Your instructions: Only the lines from the one that contains "1、我们进入网易云音乐后点击左上角的三条横线,可以进入功能页。" to the last line below, both included, should be transcribed. Pictures stay out of the copy.
Top of Exercise data
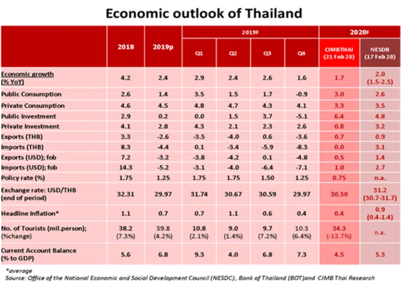 สำนักวิจัยฯปรับลดประมาณการการเติบโตทางเศรษฐกิจปีนี้ลงอีกครั้งจาก 2.3% เหลือ 1.7% จากปัจจัยกดดันเพิ่มเติมคือผลกระทบจากไวรัสโควิด-19 ที่กระทบการท่องเที่ยวและจะลามมาสู่ภาคการผลิตที่จะหดตัวจากการขาดวัตถุดิบจากจีนอีกทอด อย่างไรก็ดี เศรษฐกิจไทยจะเข้าสู่ภาวะการถดถอยทางเทคนิคช่วงครึ่งปีแรก แต่จะฟื้นตัวได้อย่างรวดเร็วเป็นรูปตัว V ในช่วงครึ่งปีหลัง การฟื้นตัวในมุมที่เรามองนี้ ไม่สามารถรอฟ้าฝนให้เป็นใจ จีนหายป่วย การส่งออกและท่องเที่ยวขยายตัวแล้วจะฟื้นได้ แต่ทั้งภาครัฐและเอกชนต้องสามัคคีกันหาหนทางกระตุ้นเศรษฐกิจในรูปแบบที่แตกต่างจากเดิม หาไม่แล้ว เศรษฐกิจไทยอาจฟื้นตัวในรูปตัว U หรือเติบโตทั้งปีนี้ได้เพียง 0.7%
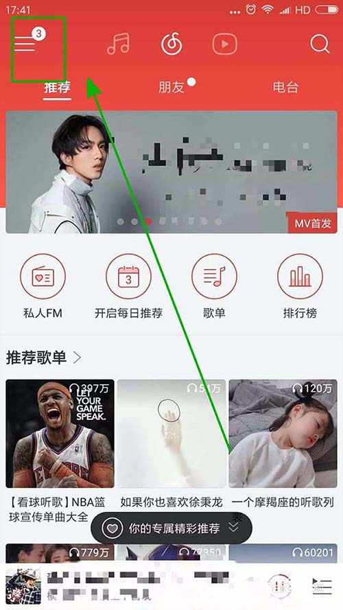 1、我们进入网易云音乐后点击左上角的三条横线,可以进入功能页。
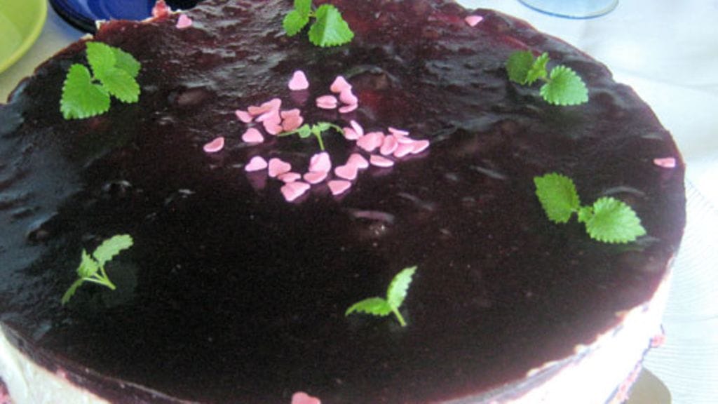 Marjoiksi sopivat mainiosti tummat marjat, joista isä pitää, tässä tehty mustaherukoilla, mutta toki myös mustamarja-aronia tai mustikka sopivat vallan mainiosti. Tee kakku jo edellisenä päivänä valmiiksi hyytymään
Bottom of Exercise data
Solution to the exercise:
 1、我们进入网易云音乐后点击左上角的三条横线,可以进入功能页。
 Marjoiksi sopivat mainiosti tummat marjat, joista isä pitää, tässä tehty mustaherukoilla, mutta toki myös mustamarja-aronia tai mustikka sopivat vallan mainiosti. Tee kakku jo edellisenä päivänä valmiiksi hyytymään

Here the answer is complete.